─── Input data ───
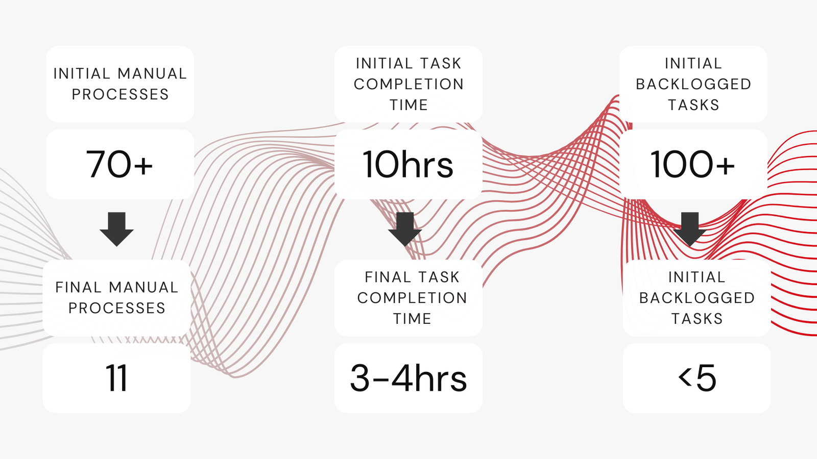 ◈ 50% reduction in task duration and resource strain, freeing up time for big‑idea thinking instead of spreadsheet babysitting.
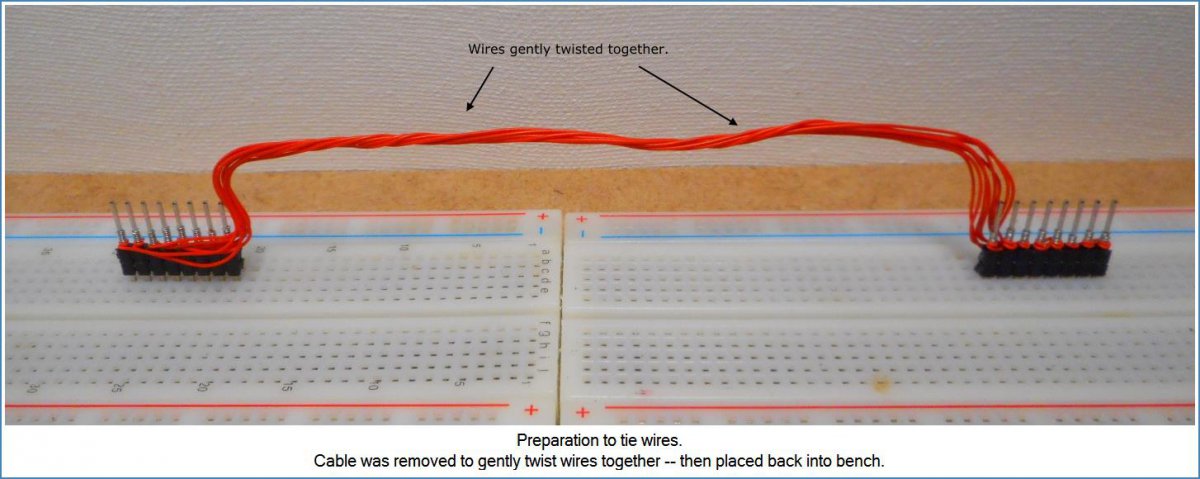 If all connections test OK, I take the cable off bench and gently twist connectors so wires wrap around each other.
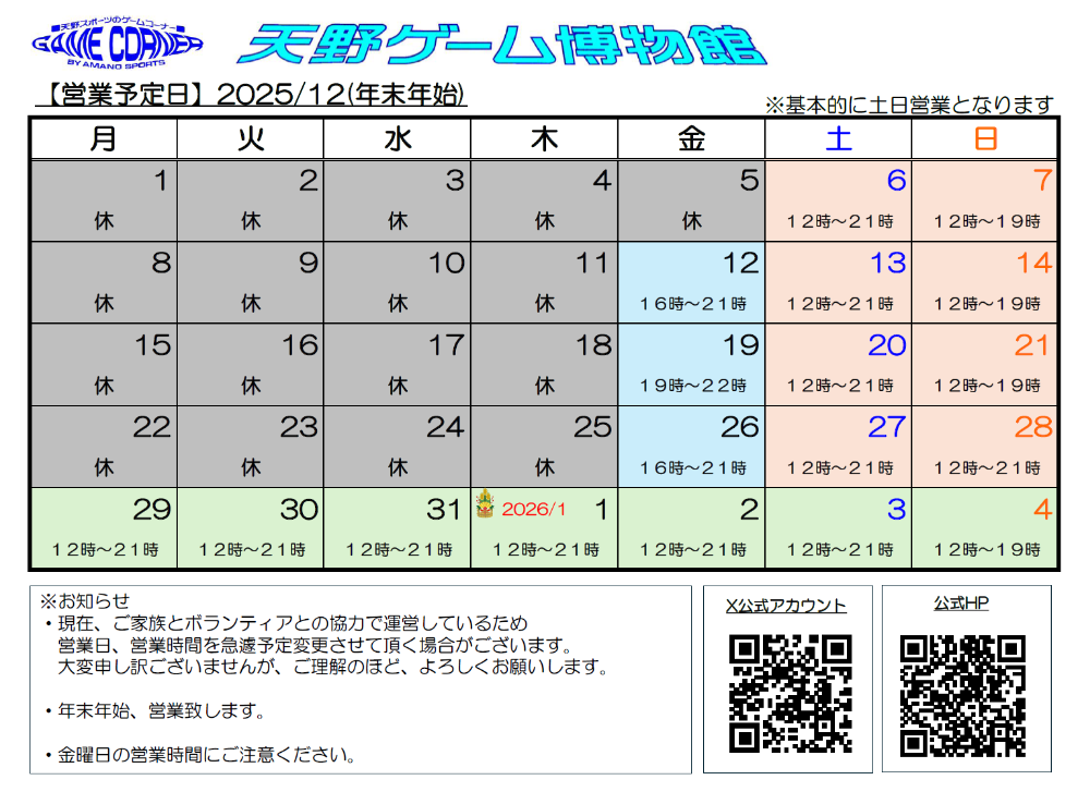 本年も【天野ゲーム博物館】をよろしくお願いします。
───
### What is being asked
What you give back should be exactly the lines from the line holding "If all connections" through the final line of the material, both ends included, and please leave out the pictures.

### Answer section
 If all connections test OK, I take the cable off bench and gently twist connectors so wires wrap around each other.
 本年も【天野ゲーム博物館】をよろしくお願いします。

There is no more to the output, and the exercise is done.